While there are men that play vital roles in this book it is a story that belongs to the women. Olivia is living with her husband Holly, and two daughters June and Grace, in a very small town in Mississippi. Her life revolves around taking care of them and she is feeling very stifled. Her husband does not appreciate her and feels a real lack since she has not given him a son. He has been waiting for his boy to arrive since he dreamed of him during the war. As with many women post WWII Olivia has gone from working and feeling fulfilled and needed to being sent home and told that the men are back now so the women need to go back to being housewives.
Olivia wants more out of life but finds herself pregnant.
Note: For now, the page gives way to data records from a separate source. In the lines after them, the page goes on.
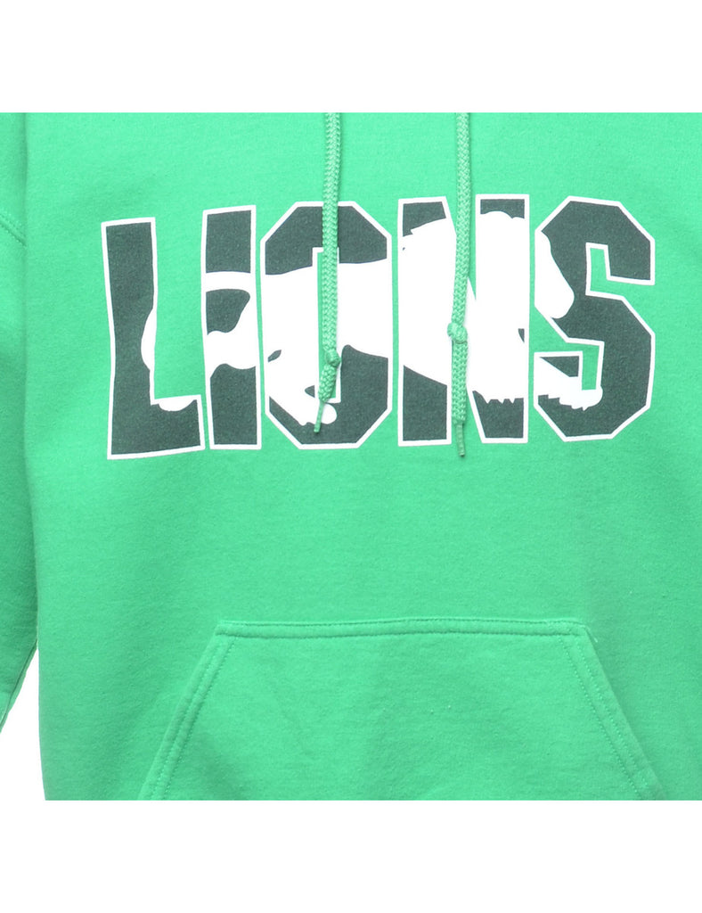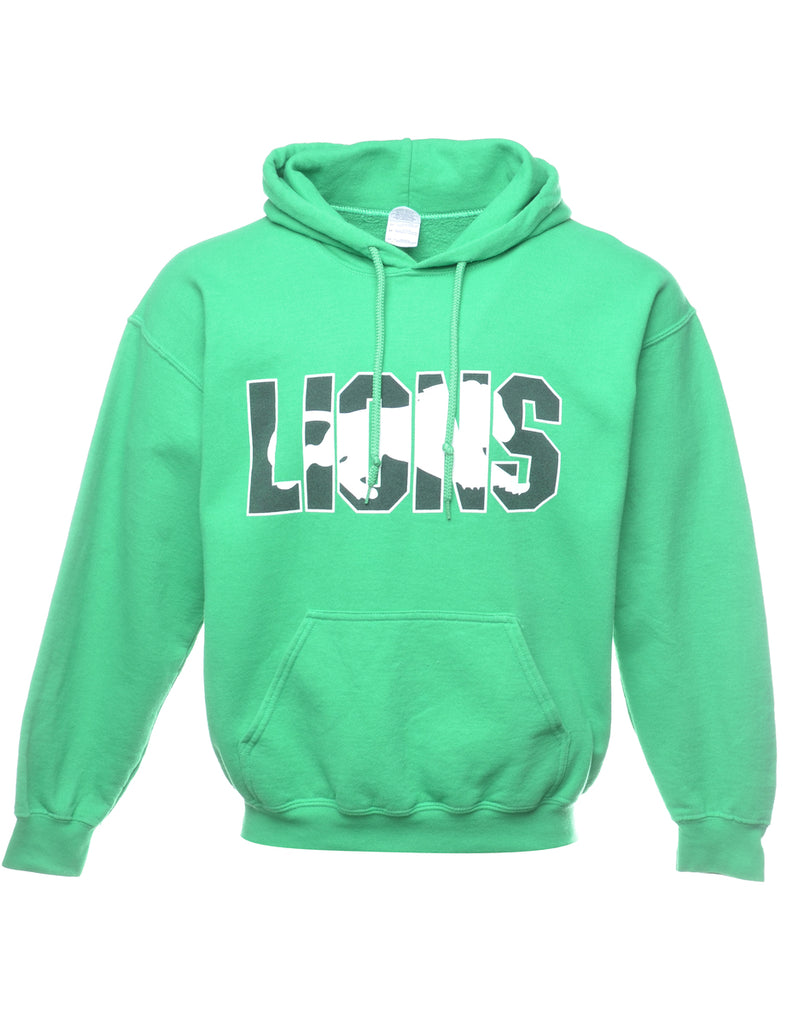 Gildan Lions printed sweatshirt in green with a hood and ribbed cuffs and waistband.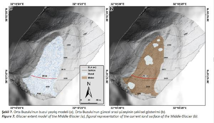 Bu çalışma aynı zamanda bilimsel olarak Geyik Dağı’nda güncel bir buzulun varlığını tanımlayan ve doğrulayan bu türde bir ilk çalışmadır. SBM (Son Buzul Çağı) buzul yayılışı sırasında 13 kilometrekare, 2010 yılındaki uydu görüntülerine göre belirlenen buzul yüzey alanının ise 44 bin 500 metrekare olduğu hesaplanmıştır. Bu bağlamda Son Buzul Çağı dönemindeki toplam buzul alanının yalnızca 0,06’sı günümüze kadar kalabilmiştir.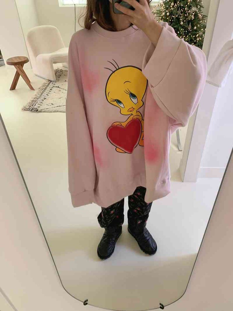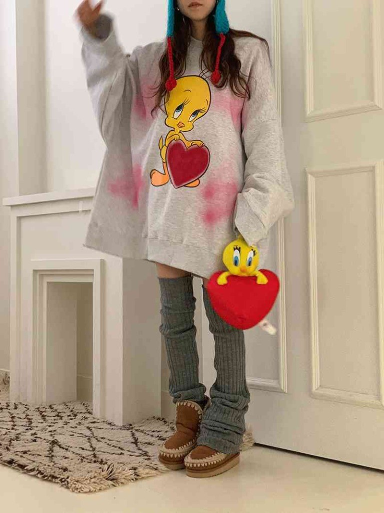 品名:루니튠즈) 러브브러쉬맨투맨 ◎※☞颜色:백메란지, 아이보리, 핑크 ◎※☞尺寸:FREE ◎※☞材质:纯棉 100% 翻译
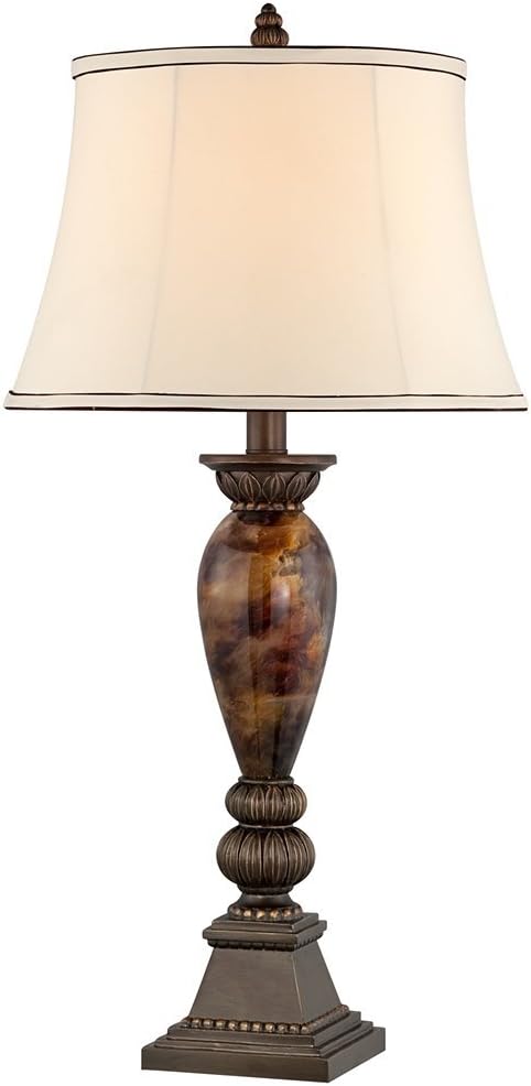 kathy ireland Mulholland Traditional Vintage Table Lamp 33" Tall Aged Bronze Golden Faux Marble Off White Bell Shade for Living Room Bedroom House Bedside Nightstand Home Office Entryway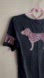 Chic black V-neck tee. Features pink logo detail. Perfect for casual wear.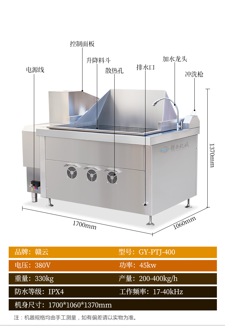 中央廚房設備->熱調(diào)理區(qū)設備->400L方形自動漂燙機/焯水/油炸機 | |||||||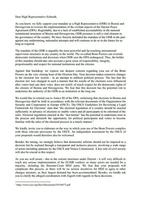“Duboko smo nezadovoljni zbog toga što ste bonske ovlasti iskoristili na dan izbora. Vašom odlukom desile su se opsežne promjene u izbornom sistemu u pokušaju da se deblokira politički proces (konstituisanje vlasti u FBiH). Činjenica je da su se izmjene desile tako da se utjecalo na izborne rezultate, i to nakon što su izbori održani. To nije puno poštivanje demokratskih prava građana Bosne i Hercegovine. U bojazni smo da je ovom odlukom stvoren potencijalni rizik da se dugoročno ugrozi autoritet OHR-a”, upozorili su.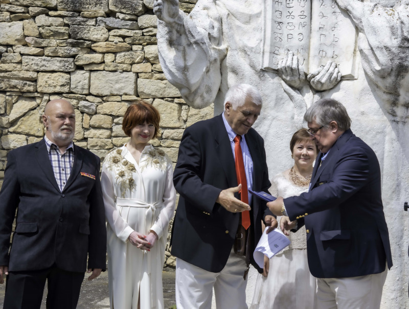 На фото: генерал-майор ООН Павлет Найденов награждает Ивайло Петрова орденом «Голубь мира» у памятника святым Кириллу и Мефодию в Плиске.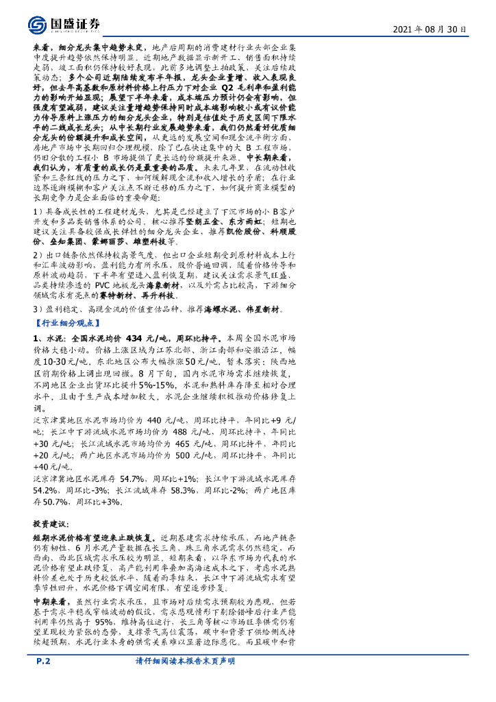 国盛证券:建筑材料行业周报:推荐再升科技,续看好水泥估值修复.pdf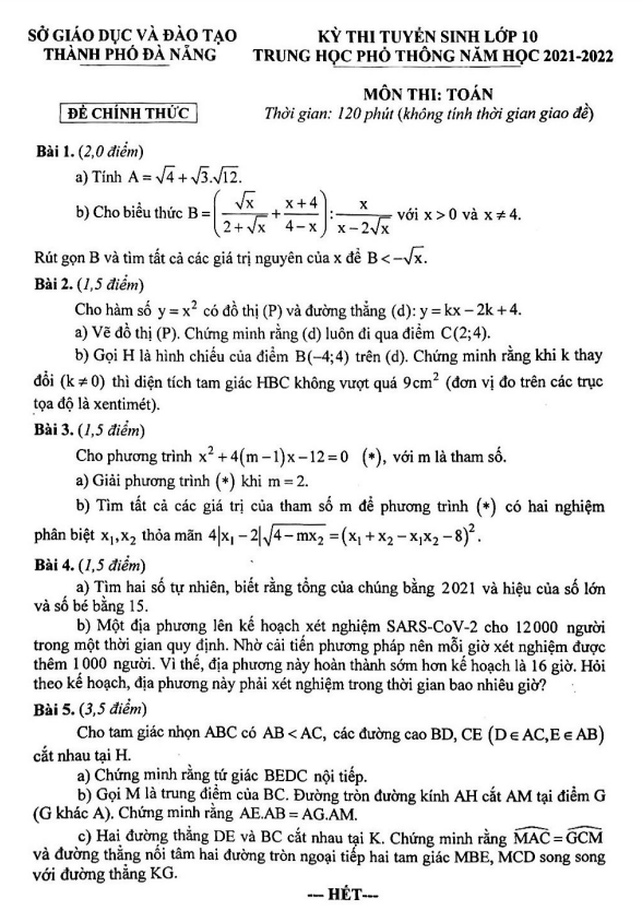 Đề tuyển sinh lớp 10 môn Toán năm 2021 – 2022 sở GD&ĐT Đà Nẵng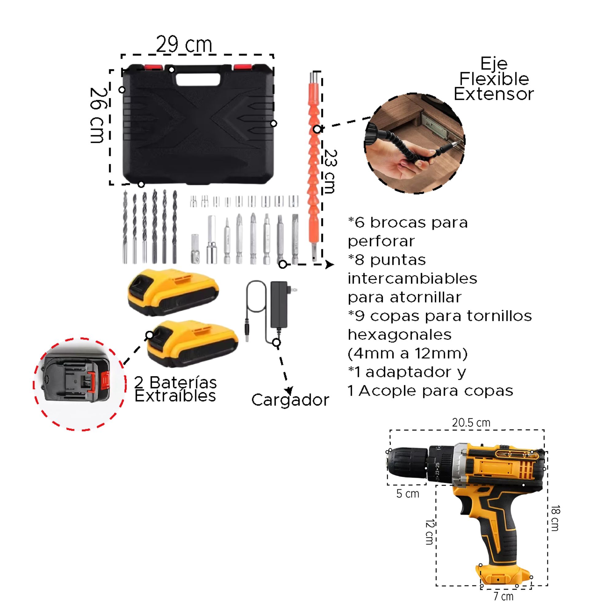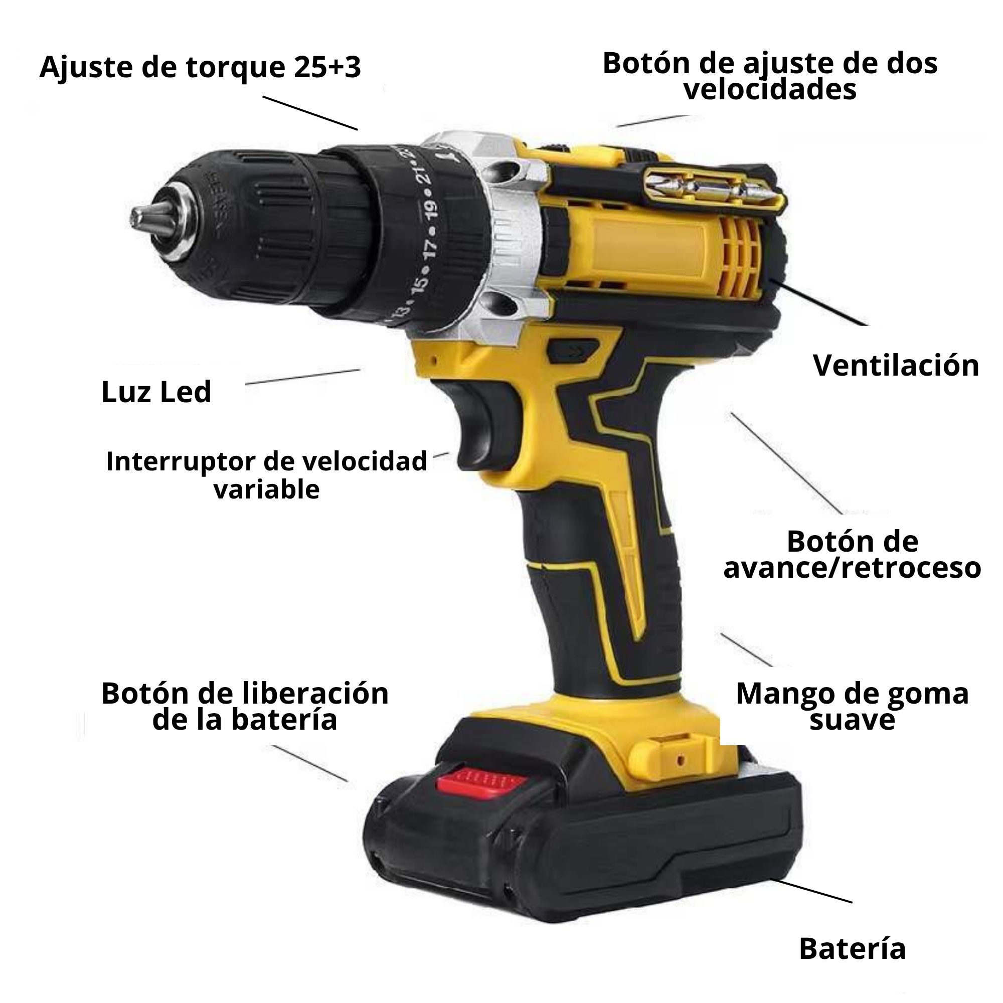 ✅ Taladro inalámbrico ergonómico con diseño cómodo, ligero y resistente.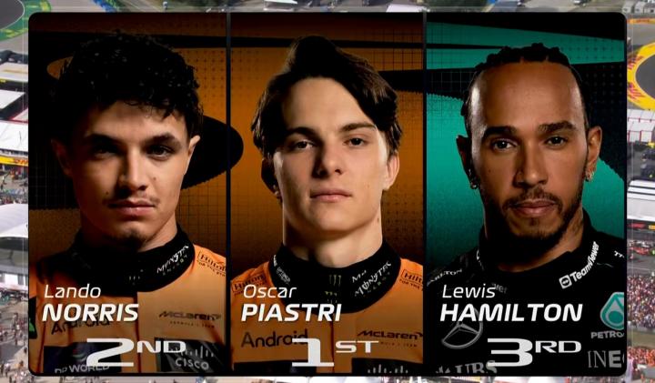 第1-第5:皮亚斯特里、诺里斯、汉密尔顿、勒克莱尔、维斯塔潘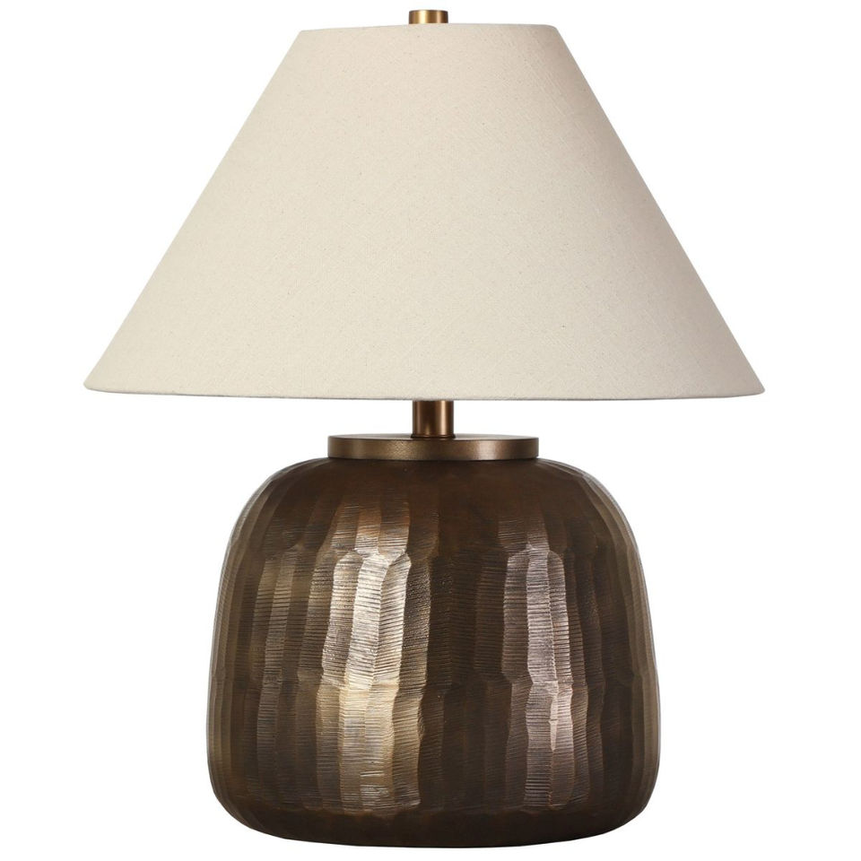 Handcrafted Hammered Table Lamp Antique Brass Finish Metal Base Modern Home Decor Linen Drum Shade Table Lamps In Best Price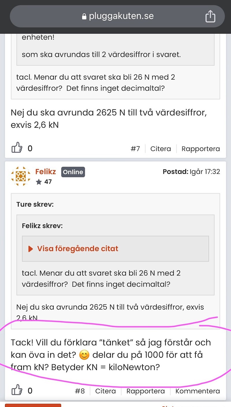 Tack! Vill du förklara ”tänket” så jag förstår och kan öva in det? 😊 delar du på 1000 för att få fram kN? Betyder KN = kiloNewton?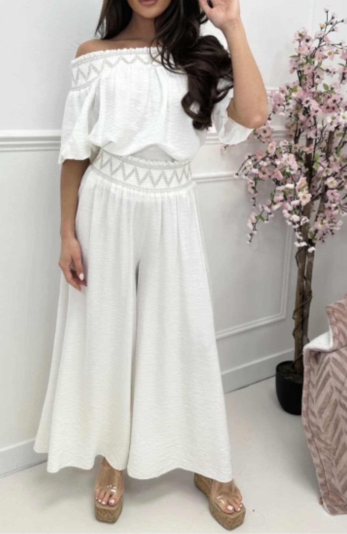 Macie Co Ord Bardot Top & Plazzo Set Warm White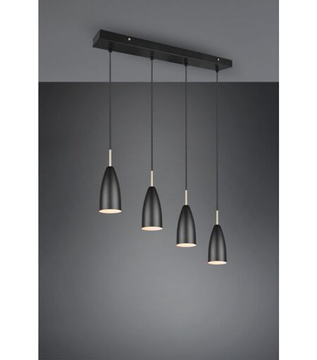 Il lampadario a sospensione FARIN di Trio Lighting è composta da una struttura lineare in metallo finitura nero opaco. I 4 diffusori hanno una forma conica ed emettono una luce diretta verso il basso. Inserto decorativo sopra ogni portalampada in ottone satinato. Cavetti regolabili che consentono di regolare l'altezza dei punti luce in base i propri gusti ed esigenze. E' possibile installare 4 lampadine con attacco E14 da max 25 watt, lampadine non incluse nella confezione. Grazie all'utilizzo di lampadine Led si otterrà una migliore resa luminosa e un basso consumo energetico. Un elemento semplice dal design moderno ed originale, ideale per diversi ambienti della vostra casa. Consigliato ad esempio per illuminare l'isola di una cucina, il tavolo di una sala da pranzo o ancora tavoli e banconi di locali commerciali come bar e ristoranti. Disponibile anche la variante a 1 o 6 luci o la versioni di colore nichel. ...
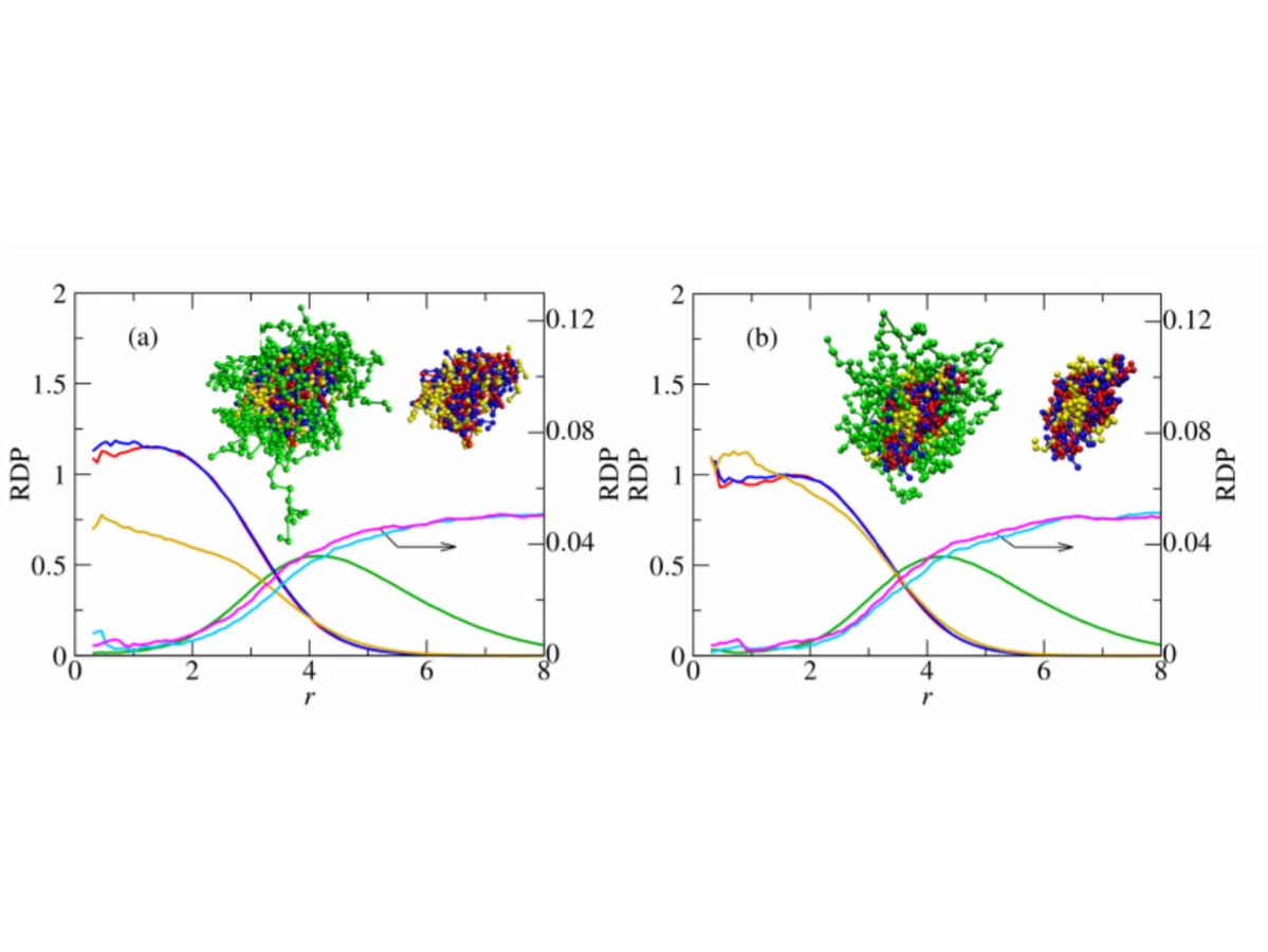 Amphiphilic copolymers and polyelectrolytes respond to external stimuli and form various nanostructures in complex aqueous solutions containing other species. Chemical modification of hydrophilic, hydrophobic or charged copolymers can change their aggregation behavior and cause the formation of new structures or even prevent the assembly at all. Better understanding of the thermodynamics of such solutions is necessary to tailor the stimuli-responsive polymer architectures for pharmaceutical and biomedical applications. The project assumes extensive dissipative particle dynamics study of polymer systems.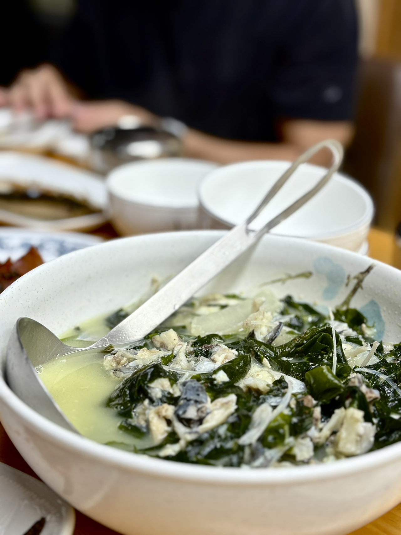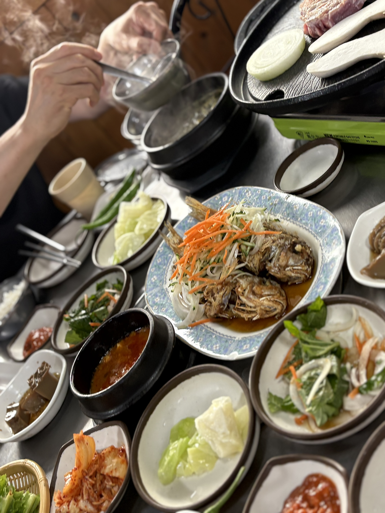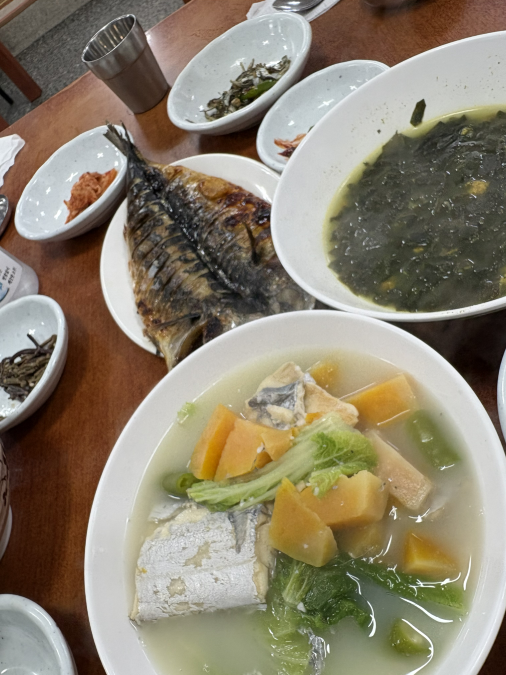 서점 지도 보면 욕심나지만 이쯤하고 산방산으로 고잉홈. 제주 근무중인 H님이 강추했다는 #춘미향식당 오늘의 하이라이트다. 돼지목살 90g, 전복성게미역국, 옥돔튀김, 멜조림 정식 2.2만원. 정식 2인분에 갈치조림 소짜(4만원)면 4인 행복한 과식. 고기 퀄도 고퀄, 멜조림과 갈치조림은 살짝 달지만 숟가락 뗄 수 없는 맛. 옥돔 통구이 훌륭하고 바로 부쳐주는 밑반찬 전조차 남기기 싫은 밥상이다.

She makes a decision that will impact her family in ways she could not have imagined. It sets off a series of events that has one daughter making bad decisions, another making a bad marriage and Olivia’s sister trying to take her place.
I can’t get too far into the plot or it will give it all away. It’s not a simple story and it does require some attention. But that is also what makes it worth reading. It’s complicated but not overwhelming. There are quite a few moving parts and while they all do eventually come together it does feel a little rushed at the end. I almost with that the book were a little longer so that it could have played out a little more fully.
Ms. Gwin has a magical writing style even when telling of difficult things like abortion, war, teenage pregnancy and the unfairness in life. I can’t say I liked this book as much as I loved Promise but it is still a very worthwhile read for the well constructed characters and challenging plot.